Items are an important part of the Zelda universe, and again, there's no exception to that rule either in Spirit Tracks. Link has an impressive arsenal of weaponry from faithful standbys like bombs and bows, but there's also new twists on old favorites such as the boomerang. Impossible on any other platform, you can draw a path for the boomerang to follow. This is a must for several switch puzzles. You can also carry fire and ice across torches to light them up. There's also new items, too, such as the sand staff and the awesome whip which lets Link cross chasms without trouble, slap away enemy shields, and much more. Finally, one of most important items of the game is the spirit flute. As you venture across Hyrule, you'll come across numerous stones that give off a faint melody. By playing the melody on your flute, you can learn new songs that help you out such as a heart-refilling song, a song of discovering buried items, and more. Playing the spirit flute is easy, though it will make you look like a fool in public. Forget them though-- you're saving the land of Hyrule! You slide the stylus on each pipe and blow. Though you will need rhythm to pass some of the elder's tests, so keep that in mind.

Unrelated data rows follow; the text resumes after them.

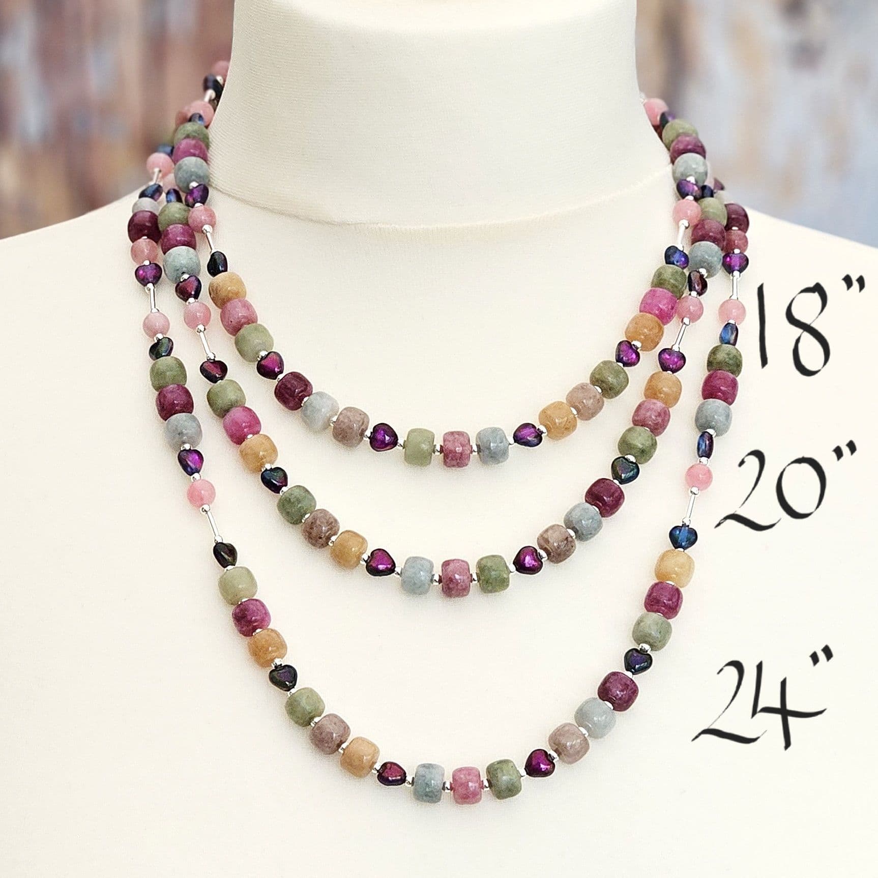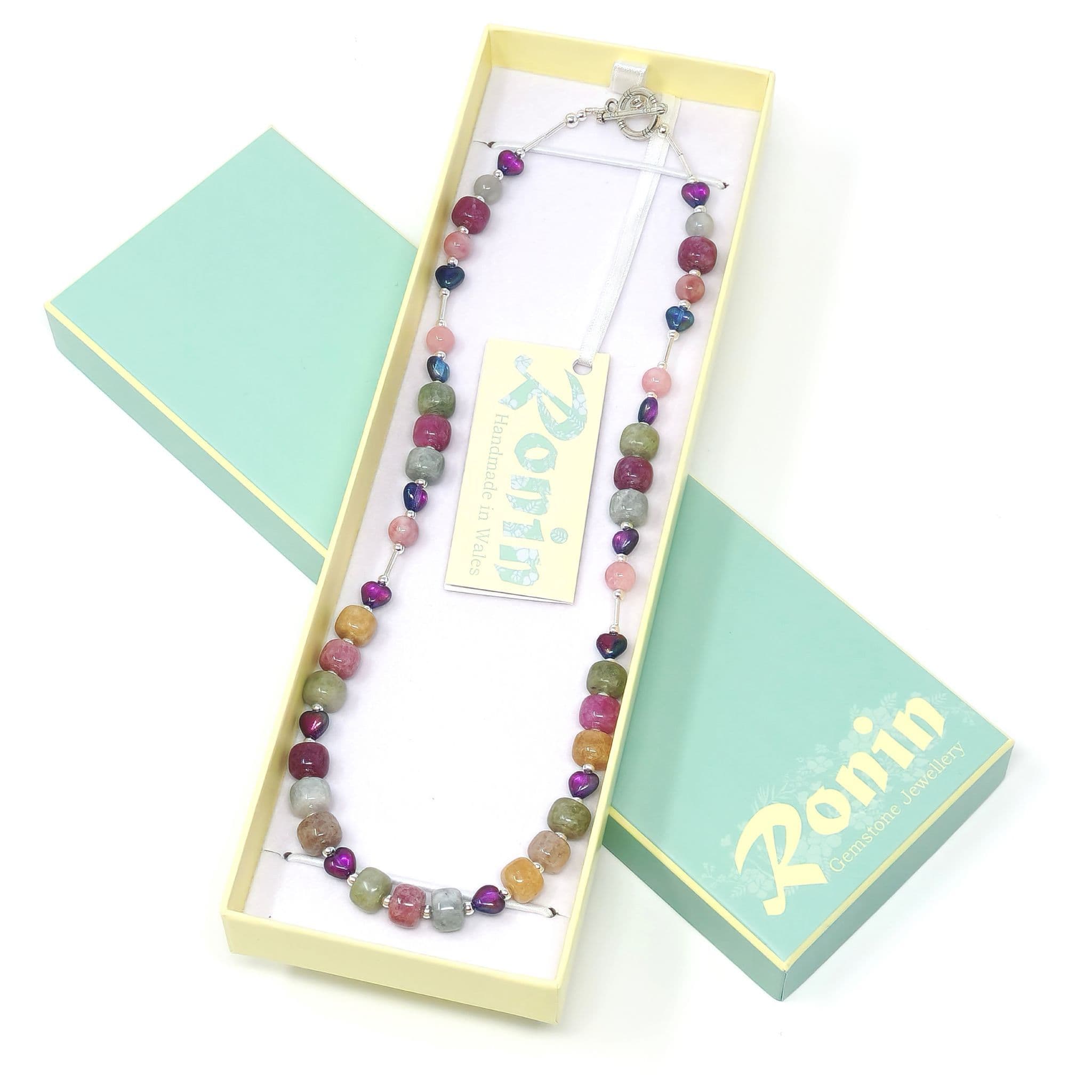Semi-precious gemstones in an array of chalky shades, with highlights of small, vivid glass hearts.
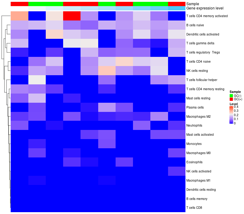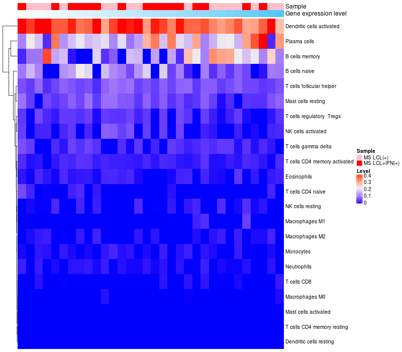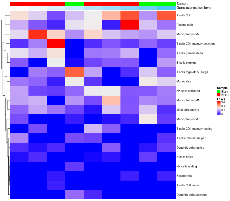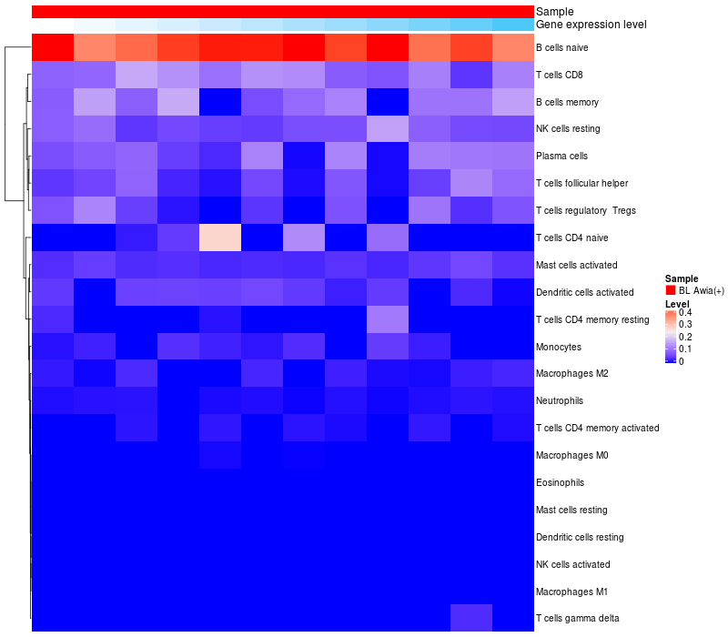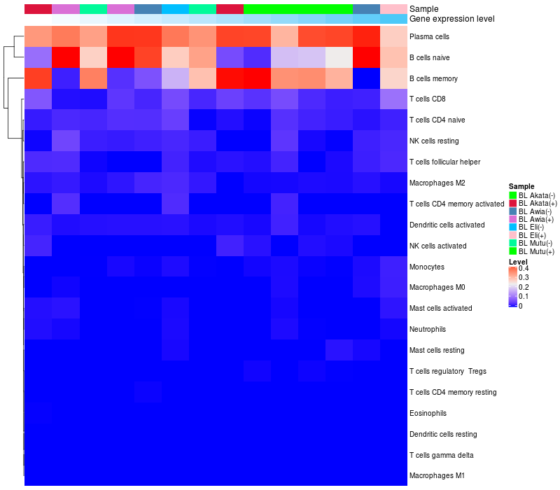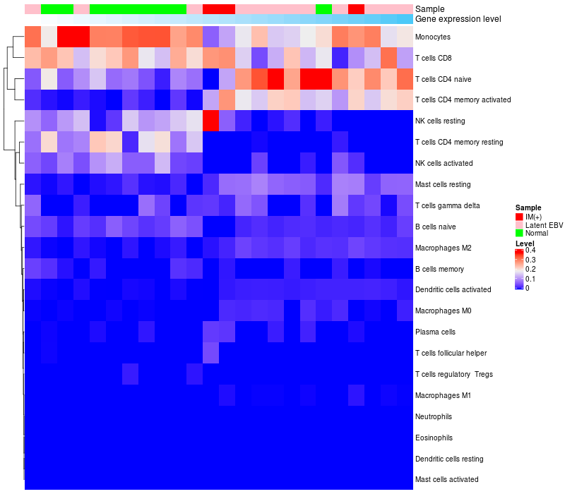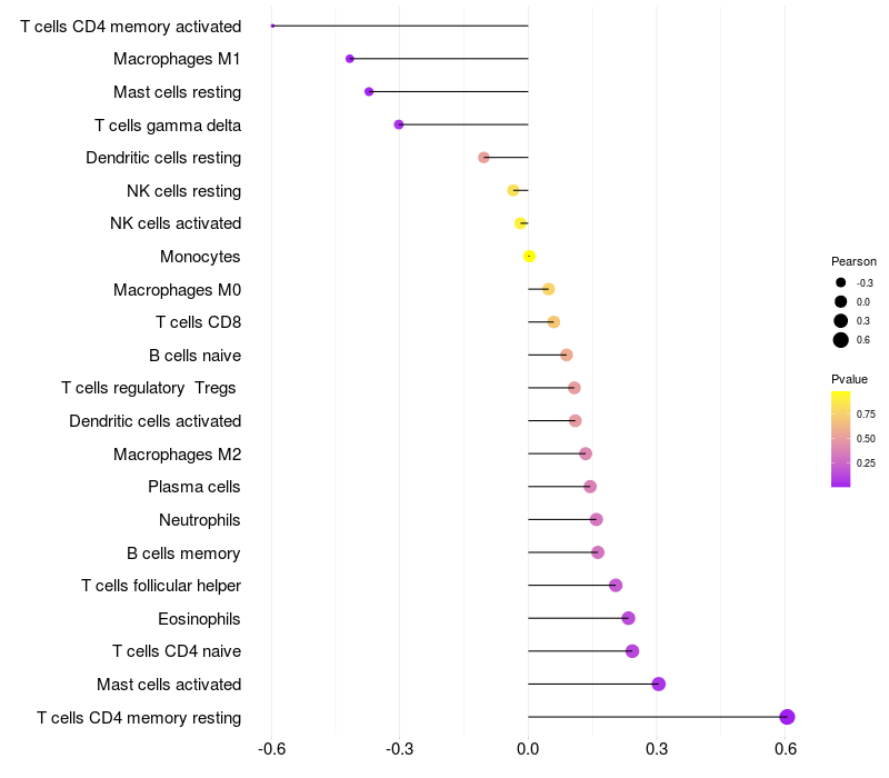 Lollipop of PARVA expression and immune infiltrating cell level correlation result in EBV+ samples
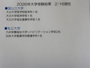 国公立大学に3名!(大分大学3名うち1名は医学部医学科)

Long ago, I had stated that Kirby: Canvas Curse made the best use of the DS' features. That game has been usurped by Spirit Tracks. You control Link by pointing the stylus on the screen and moving it about to move Link. Tap enemies to take them out, double tap the screen to perform a roll, and so forth. Playing with Zelda isn't as complicated as I had once thought it would be. There's a little round button underneath whoever Zelda is possessing. By tapping that, you can draw a path for Zelda to follow. Sometimes she'll get caught on a wall, and your drawing will be for naught. A clear majority of the time, however, it indeed does work. You can also call her to attack enemies or simply follow Link around. Overall, the controls feel intuitive and fresh. Sure, there were times where I wanted to use the d-pad, but these moments were vastly outweighed by the positives of the touch screen controls.

As a looker, Spirit Tracks definitely pushes the DS' hardware for sure. There's an impressive amount of polygons being churned out, and there's no sign of slowdown whatsoever. This is definitely one of the better looking 3-D games on the platform. The soundtrack of Phantom Hourglass, I felt, was uninspired. It just didn't have that many memorable themes. Perhaps the developers thought the same because the composers this time around have outdone themselves. There's so many toe-tapping, epic-sounding songs and themes to listen to in Spirit Tracks. The overworld and boss themes are just a sample of my favorites. This is definite soundtrack of the year material, boys and girls.

As a total package, Spirit Tracks greatly outperforms its predecessor in both gameplay and presentation. There's so much more to do and see, so many more bosses to beat down, and so many sidequests to take part in. Spirit Tracks can take anywhere from 15-25 hours to complete, and you'll mostly have fun all of those hours you play. An obvious (from my point of view) recommendation for all DS owners. The Legend of Zelda: Spirit Tracks is the must-have game of the season for handheld gamers.